KalVista Pharmaceuticals pushed a great many of its clinical chips towards sebeltralstat, and, now, the bet appears to have paid off. The oral, fast-acting hereditary angioedema (HAE) treatment hastened the time to symptom relief, meeting all primary and key secondary endpoints in a phase 3 trial.
The biotech reported Tuesday that both the 300-mg and 600-mg doses of sebeltralstat experienced quicker symptom relief by roughly four hours each compared to placebo, the primary endpoint of the trial. No patients withdrew from the phase 3 KONFIDENT study due to adverse events, and no treatment-related serious side effects were reported.
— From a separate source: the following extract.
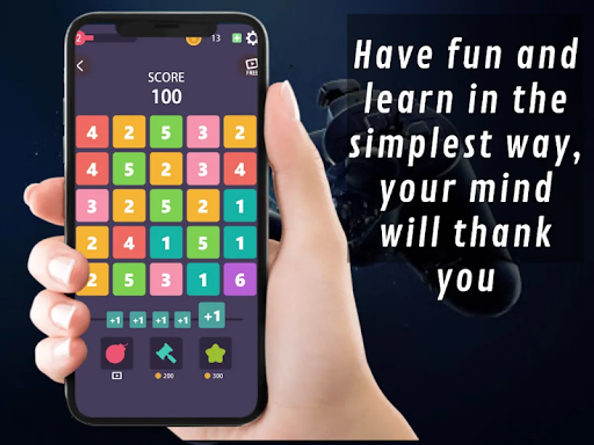 ⁃ Add or subtract the numbers you have to choose and destroy the blocks that correspond to the number.

“These data show that sebetralstat may provide a compelling treatment option for physicians and patients as an effective and safe oral treatment with rapid relief for HAE attacks,” CEO Andrew Crockett said in a release.
In addition to the time to symptom relief, sebeltralstat was found to more quickly remedy attack severity compared to placebo. KalVista also reports that treated patients “demonstrated a significantly faster time to complete attack resolution” than those given placebo.
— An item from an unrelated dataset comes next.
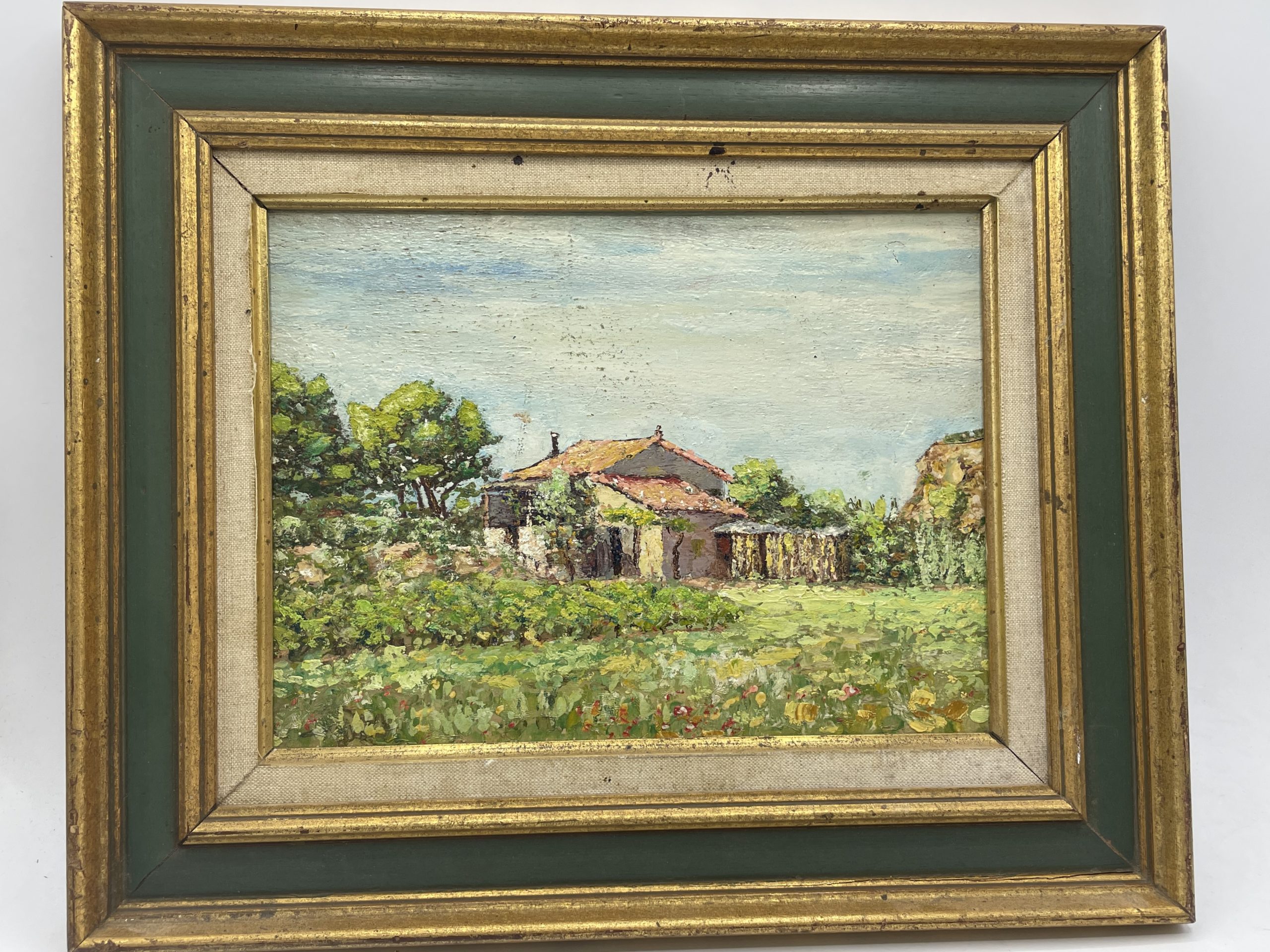 Amateurs d’art et curieux, ce tableau est une jolie peinture à l’huile qui représente un paysage provençal. C’est un paysage au centre duquel on retrouve un mas aux tuiles oranges et à la façade beige typique des maisons provençales. La maison se trouve au milieu d’un jardin fleuri à l’esprit provençal. La peinture a été réalisée sur un panneau derrière lequel on peut lire l’inscription « Alpilles » écrite au crayon à papier. Le tableau est encadré dans une cadre en bois couleur doré et kaki. Vintage, des traces d’usure sont à prévoir (cf photos) jolies marques du temps passé. Un beau tableau à collectionner pour inviter le Sud dans votre intérieur !

HAE is a genetic disease marked by low levels or dysfunction of the C1 inhibitor. Patients can be struck with bouts of severe swelling across the body, and attacks can be fatal if they impact the lungs.
Ionis Pharmaceuticals is on the precipice of asking the FDA to approve its candidate after reporting that it reduced the rate of swelling attacks compared to placebo in a phase 3 trial. And one of the CRISPR-wielding biotechs, Intellia Therapeutics, is working on an option that would knock out a gene thought responsible for producing a problematic protein associated with HAE development.
As for KalVista, the results validate the prioritization of sebeltralstat after a previous oral option, KVD824, failed to impress. The company scrapped further development of that med back in October 2022 after reporting elevated liver enzymes in some patients. Sebeltralstat was made the sole focus from that point on, with no additional clinical programs in the pipeline. The data tee up an approval application to regulators, with KalVista previously guiding that it would submit those data to the FDA in the first half of 2024.
The question now is whether any commercialization partners will come calling as the biotech manages cash and early assets. KalVista reported having $103.2 million in cash and equivalents as of the end of October 2023, down from nearly $150 million at the same point in 2022. The company is continuing to progress a preclinical, oral factor IIXA inhibitor to treat HAE prophylaxis, though KalVista has yet to guide on when an investigational new drug application may be submitted.